# New Mini SUV Concept



## ggoodlife (May 18, 2009)

Personnally I think it looks pretty awesome. Maybe this can be the Wife's next ride.....

http://eastbounddown.com/2009/12/mini-suv-gets-closer/


----------



## mullman (Jan 5, 2006)

I don't get it...

But then again, I don't understand Porsche or BMW SUVs either.
And don't get me started on the 5erGT - WTH?


----------



## Billd104 (Aug 30, 2006)

mullman said:


> I don't get it...
> 
> But then again, I don't understand Porsche or BMW SUVs either.
> And don't get me started on the 5erGT - WTH?


:rofl::rofl::thumbup:

5erGT... saw one... drove one... :dunno:


----------



## ggoodlife (May 18, 2009)

Yeah the 5 GT I don't really get, but I like the Mini SUV idea.

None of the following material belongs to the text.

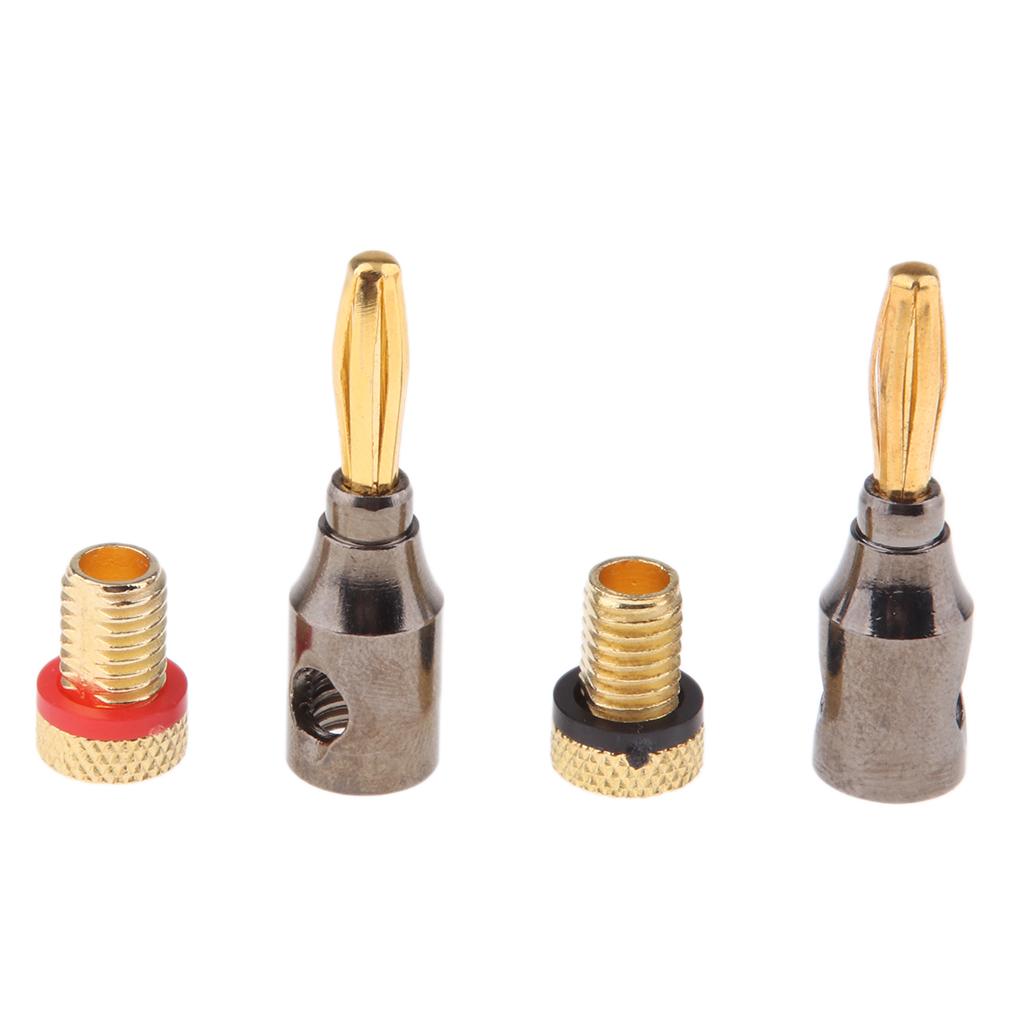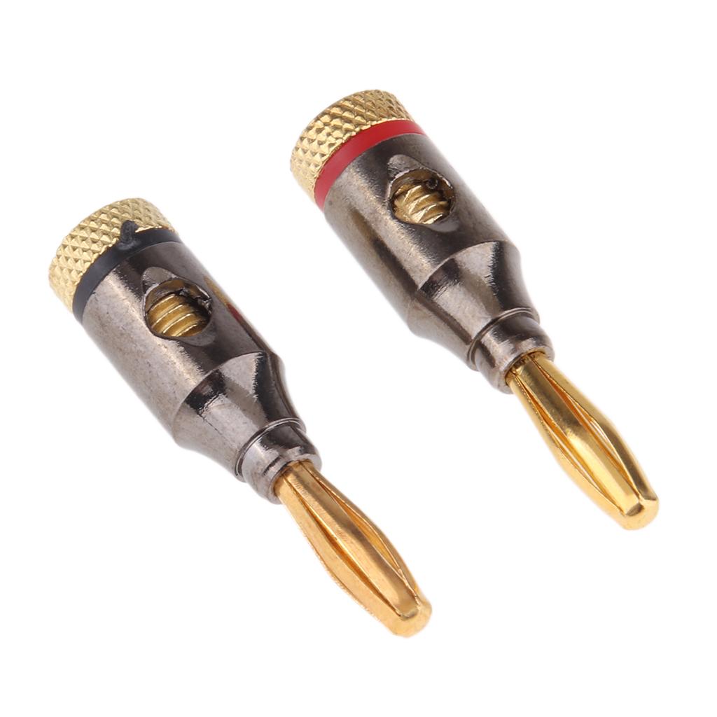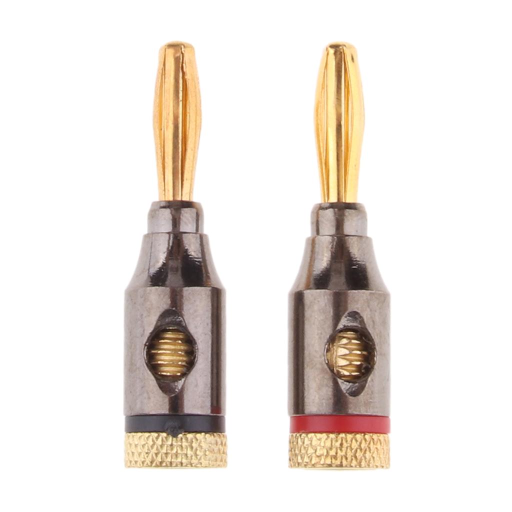 2Pcs 4mm Banana Plugs Audio Jack 24k Gold Dual Screw Lock Speaker Connector

Mini needs to sell more than one type of car to be profitable and have a reason to have dealerships. ANd the idea of a small fun SUV seems to make sense to me.


----------



## JMK (Apr 6, 2002)

I like it! On the fence about getting a clubman and now I am going to wait to see this vehicle!


----------



## cubed (Oct 30, 2008)

I am hoping the Crossman -- I think that was the name I saw somewhere -- gets put inot production in the next few years as my X3 replacement. I believe it will be built on the old X3 line at Magna Steyr when the next gen X3 gets moved to US. I think a small suv makes great sense and the if it retains some of the mini's driving dynamics it'll be a blast. AND I hope and trust it will be available with a manual transmission -- unlike all of BMW's next gen SUV's.


----------